Bae said he did not realize before the trial that he was violating North Korean law, but refused to go into details.
He said the lead up to his trial lasted about four months, but the trial itself only took about an hour. He said he elected not to have a defense attorney because “at that point there was no sense of me to get a lawyer because the only chance I had was to ask for mercy.”
“It was very quick,” he said.
The U.S. has repeatedly offered to send its envoy for North Korean human rights issues, Robert King, to Pyongyang to seek a pardon for Bae and other U.S. detainees, but without success. Washington has no diplomatic ties with North Korea and no embassy in Pyongyang. Instead, the Swedish Embassy takes responsibility for U.S. consular affairs.
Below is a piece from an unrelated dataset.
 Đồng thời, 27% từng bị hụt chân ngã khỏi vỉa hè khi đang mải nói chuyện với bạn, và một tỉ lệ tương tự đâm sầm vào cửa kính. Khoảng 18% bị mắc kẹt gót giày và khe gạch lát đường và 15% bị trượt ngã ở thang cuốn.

Fowle and Miller said they have met with the Swedish ambassador and have been allowed to make phone calls to their relatives.
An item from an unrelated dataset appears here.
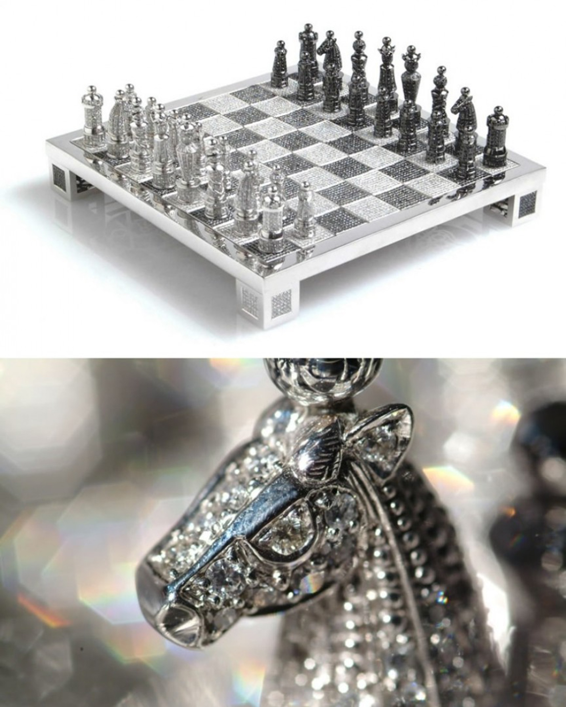 5. Bộ cờ - Giá 600.000 USDTrị giá 600.000 USD, đây là bộ cờ xa xỉ và đắt nhất thế giới. Hãng trang sức Charles Hollander đã làm 7 bộ cờ Kim cương Hoàng gia với sự giúp đỡ của nhà thiết kế Bernard Maquin. Theo trang Businessweek.com, bộ cờ được đính 320 carat kim cương đen và trắng cùng 2kg vàng trắng 14 carat. 30 thợ thủ công đã dành hơn 4.500 giờ để làm bộ cờ này. |

Though a small number of U.S. citizens visit North Korea each year as tourists, the State Department strongly advises against it. After Miller’s detention, Washington updated its travel warning to note that over the past 18 months, “North Korea detained several U.S. citizens who were part of organized tours.”
North Korea has been strongly pushing tourism lately in an effort to bring in foreign cash. But despite its efforts it remains highly sensitive to any actions it considers political and is particularly wary of anything it deems to be Christian proselytizing.
In March, North Korea deported an Australian missionary detained for spreading Christianity after he apologized and requested forgiveness.